Alors que les monnaies numériques de banque centrale (CBDC) gagnent du terrain à l’échelle mondiale, l’e-CFA, projet porté par la BCEAO, reste encore à l’état embryonnaire dans l’Union économique et monétaire ouest-africaine. Lancée à titre expérimental, la version digitale du franc CFA n’a toujours pas dépassé sa phase pilote, et les perspectives de généralisation restent floues.
Sur le papier, l’objectif est clair. Il s’agit de moderniser les systèmes de paiement, renforcer l’inclusion financière et réduire les coûts des transactions dans une région où la bancarisation reste faible. L’e-CFA permettrait d’offrir un accès élargi à une monnaie fiable, sans passer par les canaux bancaires traditionnels. Mais dans les faits, l’ambition bute sur des freins persistants.
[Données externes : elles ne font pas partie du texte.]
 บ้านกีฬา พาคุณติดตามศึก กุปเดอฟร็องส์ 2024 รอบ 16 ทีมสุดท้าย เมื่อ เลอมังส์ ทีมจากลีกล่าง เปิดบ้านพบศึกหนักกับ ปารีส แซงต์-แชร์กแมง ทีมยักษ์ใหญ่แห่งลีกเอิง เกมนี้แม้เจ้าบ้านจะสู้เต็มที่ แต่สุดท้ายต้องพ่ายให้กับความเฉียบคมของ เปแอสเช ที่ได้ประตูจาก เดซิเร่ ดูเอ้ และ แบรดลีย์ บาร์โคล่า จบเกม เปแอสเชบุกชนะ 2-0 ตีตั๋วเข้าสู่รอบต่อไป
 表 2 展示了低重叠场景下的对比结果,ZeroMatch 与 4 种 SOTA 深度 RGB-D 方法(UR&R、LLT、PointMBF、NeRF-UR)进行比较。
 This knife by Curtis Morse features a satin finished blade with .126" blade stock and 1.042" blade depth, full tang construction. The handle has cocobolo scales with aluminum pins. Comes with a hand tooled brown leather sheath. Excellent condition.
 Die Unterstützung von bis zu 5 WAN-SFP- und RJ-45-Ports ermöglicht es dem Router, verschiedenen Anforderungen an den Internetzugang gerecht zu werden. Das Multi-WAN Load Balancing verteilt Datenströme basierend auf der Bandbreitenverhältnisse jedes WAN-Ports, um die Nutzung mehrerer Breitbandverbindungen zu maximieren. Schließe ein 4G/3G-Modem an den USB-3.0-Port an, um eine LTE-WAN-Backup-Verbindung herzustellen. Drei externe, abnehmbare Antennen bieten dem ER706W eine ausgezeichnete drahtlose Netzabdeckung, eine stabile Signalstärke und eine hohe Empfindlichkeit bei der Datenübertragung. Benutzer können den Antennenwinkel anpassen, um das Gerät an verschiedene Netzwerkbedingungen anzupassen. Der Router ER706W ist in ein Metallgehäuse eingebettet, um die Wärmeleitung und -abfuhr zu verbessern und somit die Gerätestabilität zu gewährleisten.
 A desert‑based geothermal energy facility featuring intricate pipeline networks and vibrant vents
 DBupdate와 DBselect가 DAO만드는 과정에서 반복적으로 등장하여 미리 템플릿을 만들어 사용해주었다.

Les infrastructures numériques restent inégalement réparties, les cadres réglementaires encore insuffisants et les enjeux de cybersécurité préoccupent. De plus, les banques commerciales perçoivent parfois ces projets comme une menace pour leur modèle économique, ce qui freine leur collaboration active. Le manque de transparence sur les modalités techniques du projet ajoute à la confusion.
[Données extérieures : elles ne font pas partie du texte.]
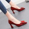 Туфли-лодочки на толстой платформе, женские туфли с острым носком, весна-осень, женские туфли на высоком каблуке с пряжкой на щиколотке и толстым каблуком
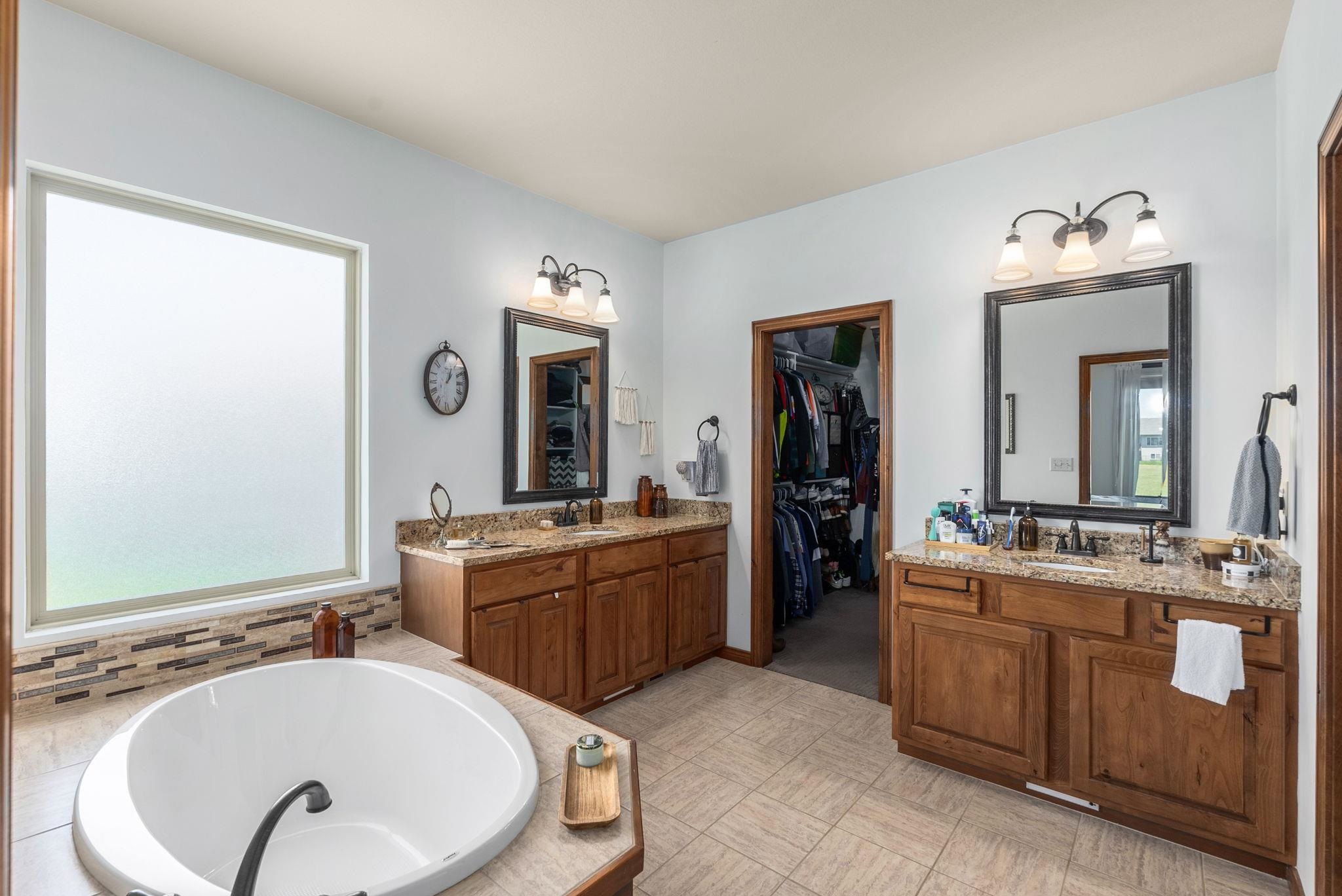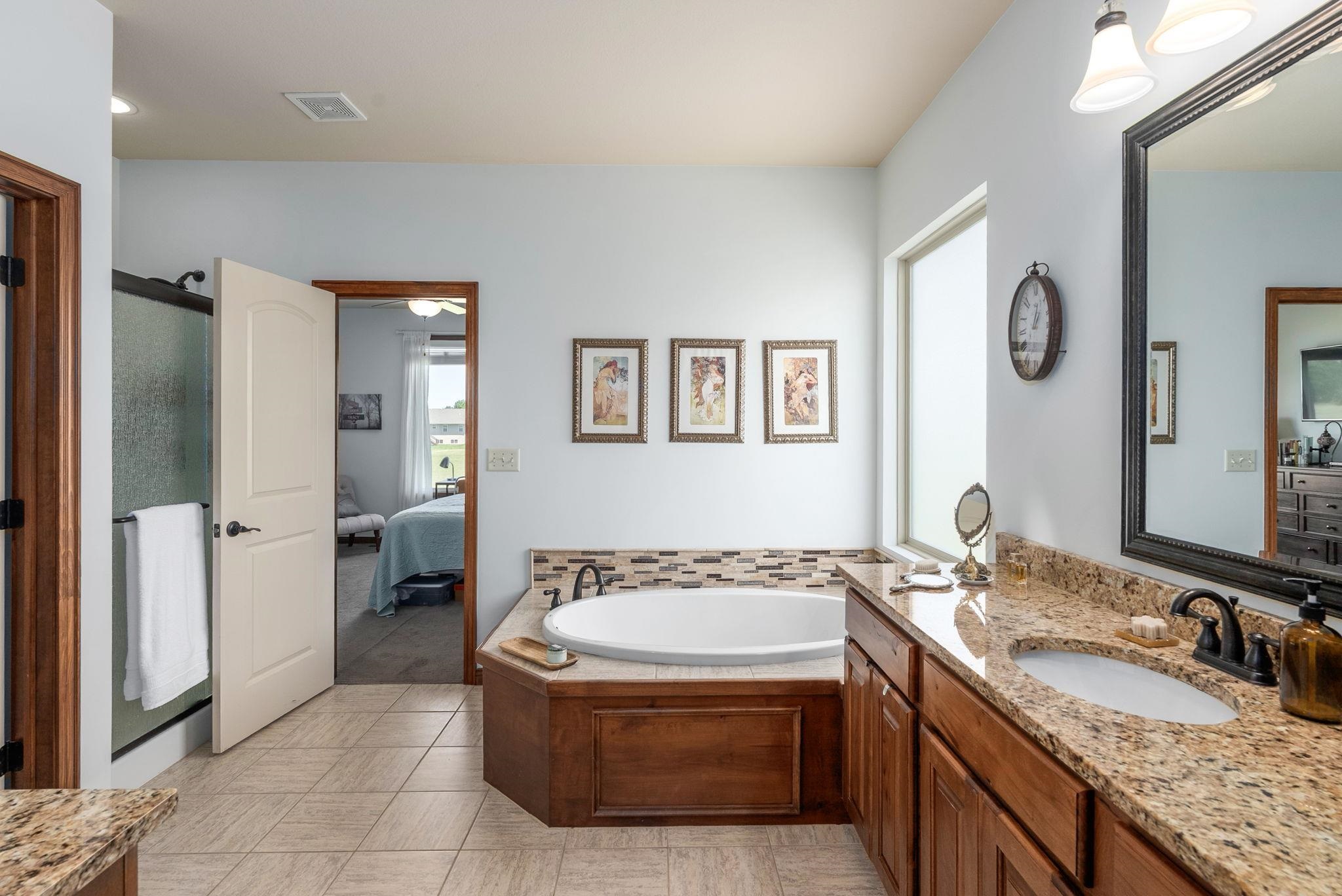 - Master Bedroom: Master Bdrm on Main Level, Split Bedroom Plan, Master Bedroom Bath, Sep. Tub/Shower/Mstr Bdrm, Two Sinks, Granite Counters
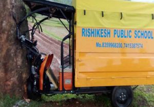 स्कूली रिक्शा पेड़ से टकराया, तीन छात्र व रिक्शा चालक गंभीर रूप से घायल
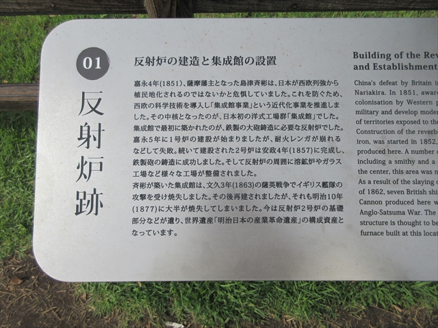 仙巌園の中にある施設の一つで,仙巌園の案内図の01番がこれになります.残念ながら石組みの土台しか残っていないので,説明文がなければ何の施設だったのか全く判らないと思います.そのせいか,訪れる人は多いですが,皆さん足早に去って行きました.
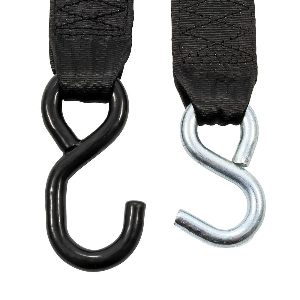 High quality maximum strength tie down straps will support and safely secure boats, motorcycles, atvs, furniture, cargo, equipment, machinery and much more with 2,500 lb break strength and 833 lb working strength.

Dans un contexte où le débat monétaire prend une dimension symbolique forte, l’e-CFA illustre les tensions entre modernisation technologique et inertie institutionnelle. La BCEAO avance prudemment, consciente qu’un faux pas pourrait fragiliser davantage la crédibilité du franc CFA, déjà largement contesté dans plusieurs pays membres.
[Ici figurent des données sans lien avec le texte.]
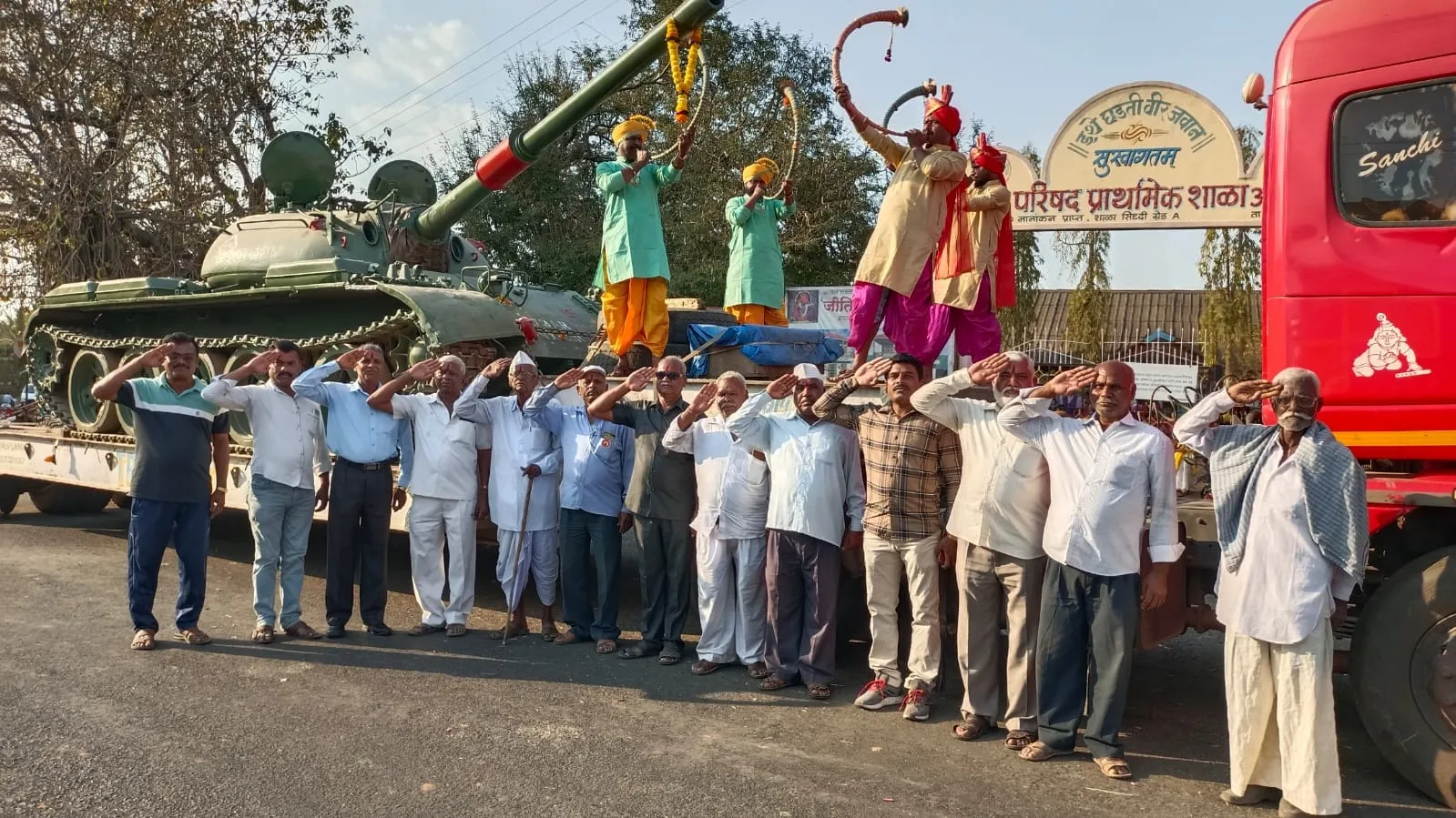 त्यानंतर बुधवारी 2 मार्च रोजी पुण्यातील खडकी येथून अपशिंगे (मि.) येथे कंटेनरमधून रणगाडय़ाचे आगमन झाले. रशियन बनावटीच्या टी-55 या मेन बेटल रणगाडय़ाचे स्वागत करण्याकरिता अबालवृद्ध, जवान आजी-माजी सैनिक, विविध संस्थाचे सदस्य, ग्रामपंचायत सदस्य आणि पंचक्रोशीतील ग्रामस्थ उपस्थित होते. रणगाडय़ाची वाजतगाजत मराठी शाळेपासून असेंब्ली हॉलपर्यंत मिरवणूक काढण्यात आली. त्यानंतर नियोजित जागी चबुतरा बांधून त्याच्यावर तो रणगाडा ठेवण्यात आला. या रणगाडय़ामुळे सैनिकांचे गाव म्हणून ओळखल्या जाणाऱया अपशिंगे (मि.) गावच्या वैभवात मानाचा तुरा रोवला गेला आहे.
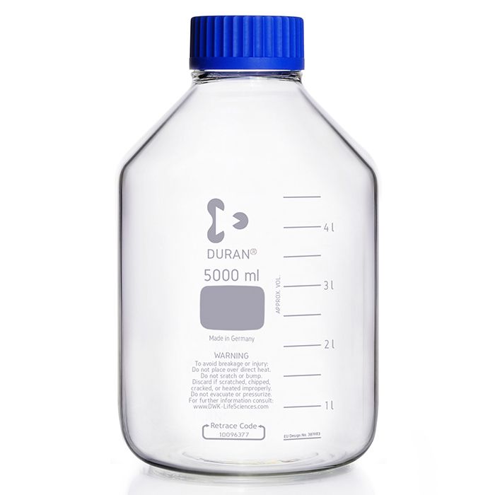 DURAN® wide mouth GLS 80® laboratory bottles are moulded from high-purity, clear, USP/EP Type I borosilicate glass 3.3, renowned for its excellent thermal performance, and high resistance to chemical attack. A combination of high-performance materials and robust ISO 4796-1 design provides a long working life. The bottles feature an easy-to-read graduated volume scale, and marking field in permanent white enamel. Permanent Retrace Code on each bottle for manufacturing lot traceability. DURAN® wide mouth GLS 80® are supplied complete with blue polypropylene cap and drip-free pouring ring for use up to 140 °C. All components are fully autoclavable at 121 or 134 °C.
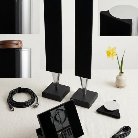 Bang & Olufsen gulvhøjttaler i aluminium med sort frontstof. Højttaleren står på en kvadratisk fod med Bang & Olufsen-logo. Designet er slankt og lodret, velegnet som fritstående højttaler i stue eller hjemmebiograf. Tilslutningsmuligheder og betjening sidder på bagsiden af søjlen tæt ved foden. Egnet til brug sammen med kompatible Bang & Olufsen-lydsystemer eller tv, afhængigt af model og tilslutning.
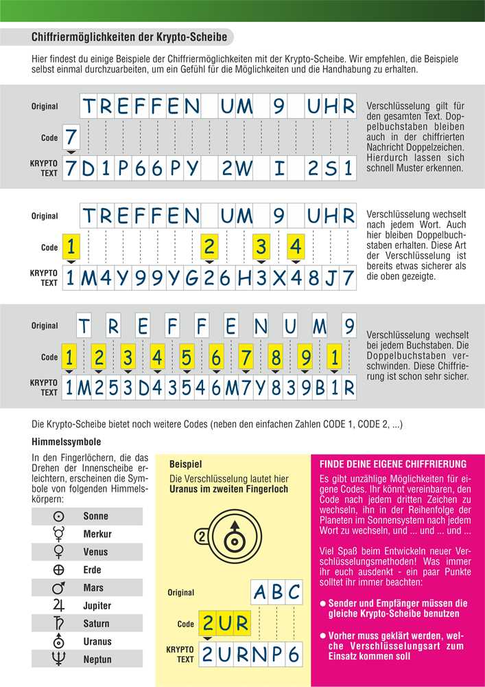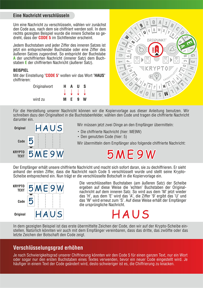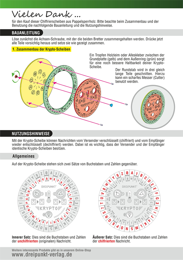 DAS unerlässliche Werkzeug für jeden angehenden Spion, Agenten oder Detektiv: Mit dieser Krypto-Scheibe kannst du Nachrichten in Sekundenschnelle verschlüsseln, so dass nur jemand, der im Besitz der gleichen Krypto-Scheibe ist, sie entschlüsseln kann! Ihr eini...
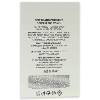 Brought to you by the design house of New Brand, Douceur is a testament to their commitment to quality and sophistication. This elegant perfume is more than just a fragrance; it is an experience that brings out your feminine charm and grace. Perfect for the stylish and confident woman, Douceur is the epitome of luxury and elegance.
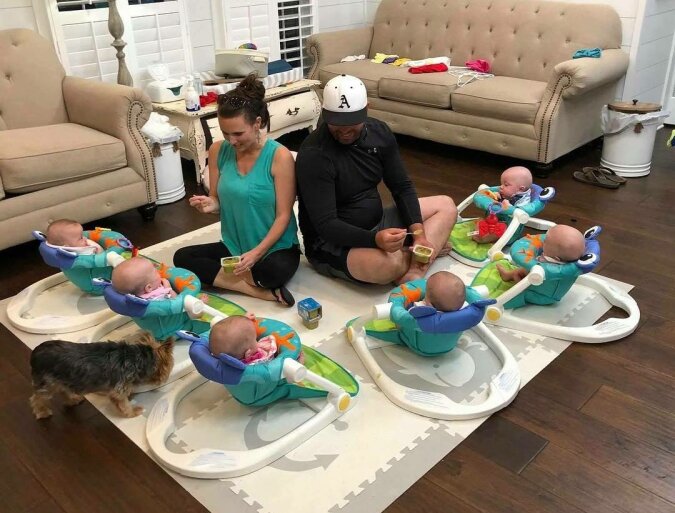 Lekarz prowadzący Courtney przepisał jej lek na zwiększenie płodności. Kobieta z powodzeniem zaszła w ciążę, a badanie ultrasonograficzne wykazało aż 6 zarodków w jej macicy. „Byłam śmiertelnie przerażona, moja pierwsza myśl dotyczyła tego, jak mogę urodzić sześcioro dzieci, aby zarówno ja jak i dzieciaki pozostały przy życiu! To było bardzo straszne! Po prostu nie wiedzieliśmy, co robić i co myśleć ”- mówi Courtney. A głowa rodziny się śmieje, wspominając tamten dzień: „Prawie straciłem przytomność”.

Le ralentissement du projet soulève une question plus large. Peut-on se contenter d’un outil numérique sans repenser les fondements politiques et économiques du cadre monétaire ouest-africain ? Car derrière l’innovation, c’est la souveraineté monétaire qui reste en suspens. Et sans réponse claire, la version digitale du CFA risque de n’être qu’un ravalement technologique d’un système toujours aussi centralisé.